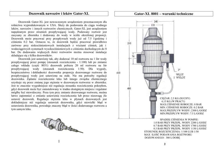 Dozownik nawozów i leków Gator-XL Dozownik Gator-XL jest nowoczesnym urządzeniem przeznaczonym dla rolnictwa wyprodukowanym w USA. Służy do podawania do ciągu wodnego leków, nawozów i innych roztworów chemicznych. Gator-XL jest urządzeniem napędzanym przez strumień przepływającej wody. Podawany roztwór jest zasysany ze zbiornika i dodawany do wody w ściśle określonej proporcji. Dozownik może pracować przy przepływach wody już od 7.5 l/godzinę i ciśnieniu 0.2 bar. Oznacza to, że dozownik będzie pracować prawidłowo zarówno przy niskociśnieniowych instalacjach z wieżami ciśnień, jak i wodociągowych systemach wysokociśnieniowych o ciśnieniu dochodzącym do 8 bar. Do dodawania większych ilości roztworów można stosować instalacje składające się z kilku dozowników. Dozownik jest ustawiony tak, aby dodawać 10 ml roztworu na 1 litr wody przepływającej przez pompę (stosunek rozcieńczenia - 1:100) lub po zmianie całego wkładu (część 8031) dozownik pobiera 20 ml roztworu na litr przepływającej wody (stosunek rozcieńczenia 1:50). Dla wygody, bezpieczeństwa i dokładności dozownika proporcja dozowanego roztworu do przepływającej wody jest ustawiona na stałe. Nie ma potrzeby regulacji dozownika. Żądanie rozcieńczenie leku lub innego związku chemicznego uzyskuje się przez zmianę jego stężenia w dozowanym roztworze w zbiorniku. Jest to znacznie wygodniejsze niż regulacja stosunku rozcieńczenia pokrętłem, gdyż dozownik może być zainstalowany w trudno dostępnym miejscu i regulator mógłby być niewidoczny. Poza tym przy zmianie dozowanego roztworu, można łatwo zapomnieć o zmianie ustawienia rozcieńczenia lub przez nieuwagę źle ustawić dozownik. Regulacja stężenia leku w płynach dozowanych jest dokładniejsze niż regulacja ustawień dozownika, gdyż niewielki błąd w ustawieniu dozownika, powoduje znaczny błąd w ilości dodawanego roztworu a tym samym leku. Gator-XL 8001 – warunki techniczne CIĘŻAR: 2,5 KG (SUCHY) 4,15 KG (W PRACY) MAX.CIŚNIENIE ROBOCZE: 8 BAR MIN. CIŚNIENIE ROBOCZE: 0.2 BAR MAX.PRZEPŁYW WODY: 2300 L/GODZ MIN.PRZEPŁYW WODY: 7.5 L/GODZ SPADEK CIŚNIENIA W POMPIE: 1.0 BAR PRZY PRZEPŁ. WODY 2200 L/GODZ 0.7 BAR PRZY PRZEPŁ. WODY 1700 L/GODZ 0.3 BAR PRZY PRZEPŁ. WODY 1150 L/GODZ STOSUNEK ROZCIEŃCZENIA: 1/100 LUB 1/50 MAX ILOŚĆ PODAWANIA ROZTWORU DOZOWANEGO: 380 L/DOBĘ 1 2 Gator-XL 8001 – schemat instalacji Działanie i konserwacja dozownika Gator-XL 8001 Procedura uruchomienia dozownika. Przy rozpoczęciu pracy dozownika zawory na obejściu (zawór A), na wlocie do dozownika (zawór B) i redukujący ciśnienie w układzie (zawór D) powinny być zamknięte. Otworzyć zawór na wylocie z dozownika (zawór C) i zawór przy punkcie poboru wody z dodanym roztworem (przy poidle, zlewie itp.), następnie otworzyć częściowo zawór B, tak, aby woda płynęła przez dozownik z szybkością ok. 3,8 l/min (dozownik powinien stukać mniej więcej raz na 4 sekundy). Pozwól płynąć wodzie przez ok. 2 minuty (20-30 stuknięć dozownika), aż roztwór ze zbiornika zostanie zassany przez elastyczny przewód do dozownika. Wtedy należy zamknąć zawór przy punkcie poboru roztworu i całkowicie otworzyć zawór B. Teraz dozownik model 8001 będzie już pracować prawidłowo. Upewnij się, że przez dozownik nie przepływa więcej niż 2300 l/godz. (dozownik nie stuka szybciej niż 23 razy/sek.), a ciśnienie nie jest wyższe niż 8 bar. Dozownik może być zainstalowany na stałe do rur wodnych, lub zamontowany w dowolnym położeniu* przy pomocy wspornika mocującego lub podłączony do sieci wodnej przy pomocy szybkozłączek i elastycznego przewodu. * Jeśli dozownik zostanie zamontowany bezpośrednio nad zbiornikiem z roztworem dozowanym, będzie mniejsze prawdopodobieństwo wytworzenia się korka powietrza. URUCHAMIANIE DOZOWNIKA: Zamknąć zawór doprowadzający wodę do dozownika i otwórz zawór wylotowy (przy poidle, zlewie, itp.). Następnie powoli otwierać zawór doprowadzający wodę do dozownika, aż dozownik zacznie stukać mniej więcej raz na 4 sekundy. Odczekać, aż roztwór dozowany zostanie zassany do dozownika. Teraz dozownik będzie już pracować prawidłowo. 3 PRZED ROZPOCZĘCIEM PRACY Z DOZOWNIKIEM GATOR-XL ZAWSZE ZREDUKUJ CIŚNIENIE W UKŁADZIE. Zamknij zawór B na wlocie oraz zwór C na wylocie dozownika i otwórz zawór D służący do redukcji ciśnienia. Jeżeli zawór D nie został zainstalowany, zamknij wszystkie zawory doprowadzające wodę do dozownika i systemu, (również zawór A), a następnie otwórz zawór C na wylocie dozownika i zawór przy punkcie poboru wody. W ten sposób ciśnienie wody zostanie zredukowane. 4 Likwidowanie korka powietrza. We wszystkich pompach tłokowych Czyszczenie filtra wody. Gdy dozowana woda zawiera zawieszone pracujących przy wyższych ciśnieniach, istnieje niebezpieczeństwo wytworzenia się korka powietrza. Najbardziej prawdopodobne jest jego powstanie przy rozruchu, gdy ciśnienie wody jest wysokie. Powstanie korka powietrza objawia się tym, że roztwór dozowany nie podnosi się w elastycznym przewodzie, podczas gdy woda przepływ przez układ, a dozownik wydaje stukający dźwięk. Dozownik Gator-XL jest zaprojektowany tak, aby zminimalizować możliwość wytworzenia się korka powietrza, ale gdy jednak się pojawi łatwo można go zlikwidować prostą procedurą: • W przypadku układu z zainstalowanym zaworem redukującym ciśnienie : Zamknąć zawory A, B i C i otworzyć zawór D (redukujący ciśnienie w układzie). Następnie otworzyć częściowo zawór B tak, aby woda płynęła przez pompę z szybkością ok. 4 l/min (dozownik powinien stukać mniej więcej raz na 4 sekundy). Należy pozwolić płynąć wodzie przez ok. 2 minuty (20-30 stuknięć dozownika), aż roztwór ze zbiornika zostanie zassany przez elastyczny przewód do dozownika. W ten sposób korek powietrza zostanie usunięty. Następnie zamknij zaw
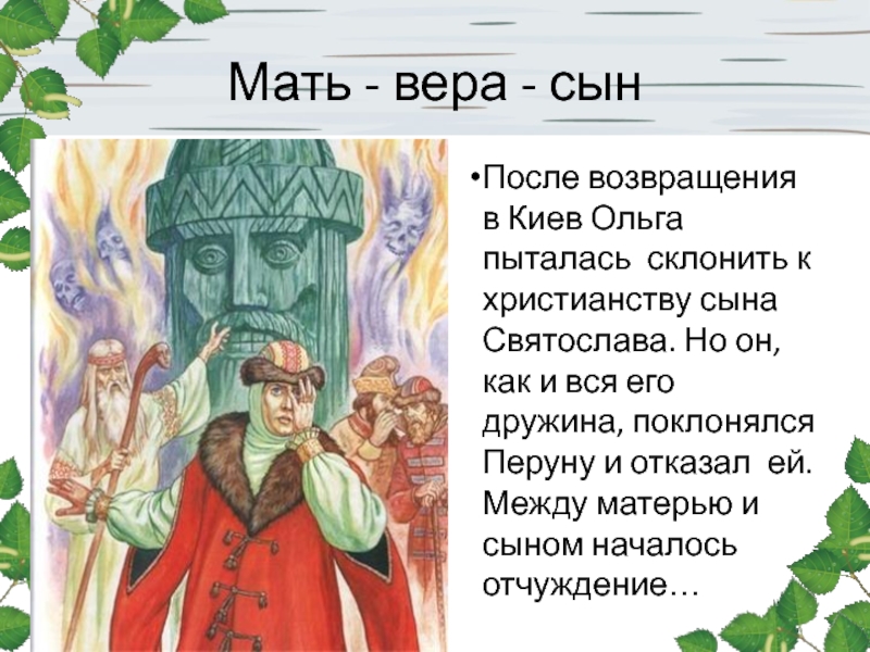 После возвращения в Киев Ольга пыталась склонить к христианству сына Святослава. Но он, как и вся его дружина, поклонялся Перуну и отказал ей. Между матерью и сыном началось отчуждение…
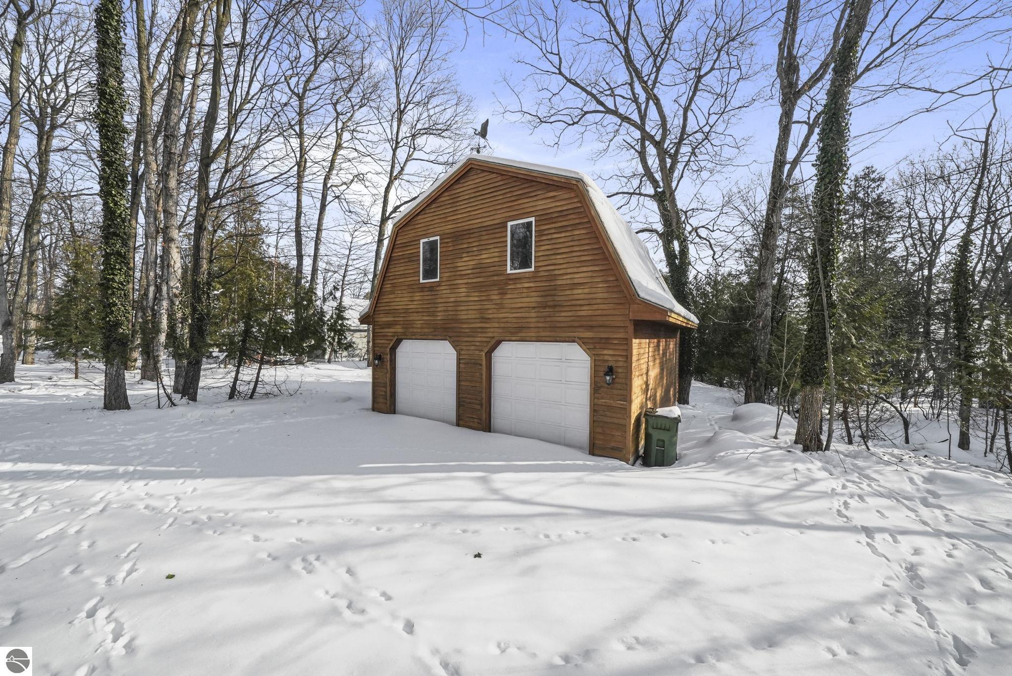 Tucked along the picturesque West Grand Traverse Bay, just south of Suttons Bay, is this charming 4 bedroom, 3 bath Lake House with 100 feet of direct private frontage. Enjoy incredible sunrises over clear blue waters, and make lifetime memories on the sandy protected beach. Water views abound from the waterside deck and nearly every room in the main house. The large living space above the two car detached garage is great for guests with a kitchenette and private bathroom. Features include; wood floors and beams, a cozy wood burning fireplace, walk-in closets, vaulted ceilings in the upper level, and a large unfinished walkout lower level for storage and beach toys. Don't miss this opportunity to make this your dream getaway or year-round residence.
------
EXERCISE BRIEF: Leave the images out and transcribe the remaining data above word for word.

ANSWER SPACE:
 Dozownik nawozów i leków Gator-XL Dozownik Gator-XL jest nowoczesnym urządzeniem przeznaczonym dla rolnictwa wyprodukowanym w USA. Służy do podawania do ciągu wodnego leków, nawozów i innych roztworów chemicznych. Gator-XL jest urządzeniem napędzanym przez strumień przepływającej wody. Podawany roztwór jest zasysany ze zbiornika i dodawany do wody w ściśle określonej proporcji. Dozownik może pracować przy przepływach wody już od 7.5 l/godzinę i ciśnieniu 0.2 bar. Oznacza to, że dozownik będzie pracować prawidłowo zarówno przy niskociśnieniowych instalacjach z wieżami ciśnień, jak i wodociągowych systemach wysokociśnieniowych o ciśnieniu dochodzącym do 8 bar. Do dodawania większych ilości roztworów można stosować instalacje składające się z kilku dozowników. Dozownik jest ustawiony tak, aby dodawać 10 ml roztworu na 1 litr wody przepływającej przez pompę (stosunek rozcieńczenia - 1:100) lub po zmianie całego wkładu (część 8031) dozownik pobiera 20 ml roztworu na litr przepływającej wody (stosunek rozcieńczenia 1:50). Dla wygody, bezpieczeństwa i dokładności dozownika proporcja dozowanego roztworu do przepływającej wody jest ustawiona na stałe. Nie ma potrzeby regulacji dozownika. Żądanie rozcieńczenie leku lub innego związku chemicznego uzyskuje się przez zmianę jego stężenia w dozowanym roztworze w zbiorniku. Jest to znacznie wygodniejsze niż regulacja stosunku rozcieńczenia pokrętłem, gdyż dozownik może być zainstalowany w trudno dostępnym miejscu i regulator mógłby być niewidoczny. Poza tym przy zmianie dozowanego roztworu, można łatwo zapomnieć o zmianie ustawienia rozcieńczenia lub przez nieuwagę źle ustawić dozownik. Regulacja stężenia leku w płynach dozowanych jest dokładniejsze niż regulacja ustawień dozownika, gdyż niewielki błąd w ustawieniu dozownika, powoduje znaczny błąd w ilości dodawanego roztworu a tym samym leku. Gator-XL 8001 – warunki techniczne CIĘŻAR: 2,5 KG (SUCHY) 4,15 KG (W PRACY) MAX.CIŚNIENIE ROBOCZE: 8 BAR MIN. CIŚNIENIE ROBOCZE: 0.2 BAR MAX.PRZEPŁYW WODY: 2300 L/GODZ MIN.PRZEPŁYW WODY: 7.5 L/GODZ SPADEK CIŚNIENIA W POMPIE: 1.0 BAR PRZY PRZEPŁ. WODY 2200 L/GODZ 0.7 BAR PRZY PRZEPŁ. WODY 1700 L/GODZ 0.3 BAR PRZY PRZEPŁ. WODY 1150 L/GODZ STOSUNEK ROZCIEŃCZENIA: 1/100 LUB 1/50 MAX ILOŚĆ PODAWANIA ROZTWORU DOZOWANEGO: 380 L/DOBĘ 1 2 Gator-XL 8001 – schemat instalacji Działanie i konserwacja dozownika Gator-XL 8001 Procedura uruchomienia dozownika. Przy rozpoczęciu pracy dozownika zawory na obejściu (zawór A), na wlocie do dozownika (zawór B) i redukujący ciśnienie w układzie (zawór D) powinny być zamknięte. Otworzyć zawór na wylocie z dozownika (zawór C) i zawór przy punkcie poboru wody z dodanym roztworem (przy poidle, zlewie itp.), następnie otworzyć częściowo zawór B, tak, aby woda płynęła przez dozownik z szybkością ok. 3,8 l/min (dozownik powinien stukać mniej więcej raz na 4 sekundy). Pozwól płynąć wodzie przez ok. 2 minuty (20-30 stuknięć dozownika), aż roztwór ze zbiornika zostanie zassany przez elastyczny przewód do dozownika. Wtedy należy zamknąć zawór przy punkcie poboru roztworu i całkowicie otworzyć zawór B. Teraz dozownik model 8001 będzie już pracować prawidłowo. Upewnij się, że przez dozownik nie przepływa więcej niż 2300 l/godz. (dozownik nie stuka szybciej niż 23 razy/sek.), a ciśnienie nie jest wyższe niż 8 bar. Dozownik może być zainstalowany na stałe do rur wodnych, lub zamontowany w dowolnym położeniu* przy pomocy wspornika mocującego lub podłączony do sieci wodnej przy pomocy szybkozłączek i elastycznego przewodu. * Jeśli dozownik zostanie zamontowany bezpośrednio nad zbiornikiem z roztworem dozowanym, będzie mniejsze prawdopodobieństwo wytworzenia się korka powietrza. URUCHAMIANIE DOZOWNIKA: Zamknąć zawór doprowadzający wodę do dozownika i otwórz zawór wylotowy (przy poidle, zlewie, itp.). Następnie powoli otwierać zawór doprowadzający wodę do dozownika, aż dozownik zacznie stukać mniej więcej raz na 4 sekundy. Odczekać, aż roztwór dozowany zostanie zassany do dozownika. Teraz dozownik będzie już pracować prawidłowo. 3 PRZED ROZPOCZĘCIEM PRACY Z DOZOWNIKIEM GATOR-XL ZAWSZE ZREDUKUJ CIŚNIENIE W UKŁADZIE. Zamknij zawór B na wlocie oraz zwór C na wylocie dozownika i otwórz zawór D służący do redukcji ciśnienia. Jeżeli zawór D nie został zainstalowany, zamknij wszystkie zawory doprowadzające wodę do dozownika i systemu, (również zawór A), a następnie otwórz zawór C na wylocie dozownika i zawór przy punkcie poboru wody. W ten sposób ciśnienie wody zostanie zredukowane. 4 Likwidowanie korka powietrza. We wszystkich pompach tłokowych Czyszczenie filtra wody. Gdy dozowana woda zawiera zawieszone pracujących przy wyższych ciśnieniach, istnieje niebezpieczeństwo wytworzenia się korka powietrza. Najbardziej prawdopodobne jest jego powstanie przy rozruchu, gdy ciśnienie wody jest wysokie. Powstanie korka powietrza objawia się tym, że roztwór dozowany nie podnosi się w elastycznym przewodzie, podczas gdy woda przepływ przez układ, a dozownik wydaje stukający dźwięk. Dozownik Gator-XL jest zaprojektowany tak, aby zminimalizować możliwość wytworzenia się korka powietrza, ale gdy jednak się pojawi łatwo można go zlikwidować prostą procedurą: • W przypadku układu z zainstalowanym zaworem redukującym ciśnienie : Zamknąć zawory A, B i C i otworzyć zawór D (redukujący ciśnienie w układzie). Następnie otworzyć częściowo zawór B tak, aby woda płynęła przez pompę z szybkością ok. 4 l/min (dozownik powinien stukać mniej więcej raz na 4 sekundy). Należy pozwolić płynąć wodzie przez ok. 2 minuty (20-30 stuknięć dozownika), aż roztwór ze zbiornika zostanie zassany przez elastyczny przewód do dozownika. W ten sposób korek powietrza zostanie usunięty. Następnie zamknij zaw
 После возвращения в Киев Ольга пыталась склонить к христианству сына Святослава. Но он, как и вся его дружина, поклонялся Перуну и отказал ей. Между матерью и сыном началось отчуждение…
 Tucked along the picturesque West Grand Traverse Bay, just south of Suttons Bay, is this charming 4 bedroom, 3 bath Lake House with 100 feet of direct private frontage. Enjoy incredible sunrises over clear blue waters, and make lifetime memories on the sandy protected beach. Water views abound from the waterside deck and nearly every room in the main house. The large living space above the two car detached garage is great for guests with a kitchenette and private bathroom. Features include; wood floors and beams, a cozy wood burning fireplace, walk-in closets, vaulted ceilings in the upper level, and a large unfinished walkout lower level for storage and beach toys. Don't miss this opportunity to make this your dream getaway or year-round residence.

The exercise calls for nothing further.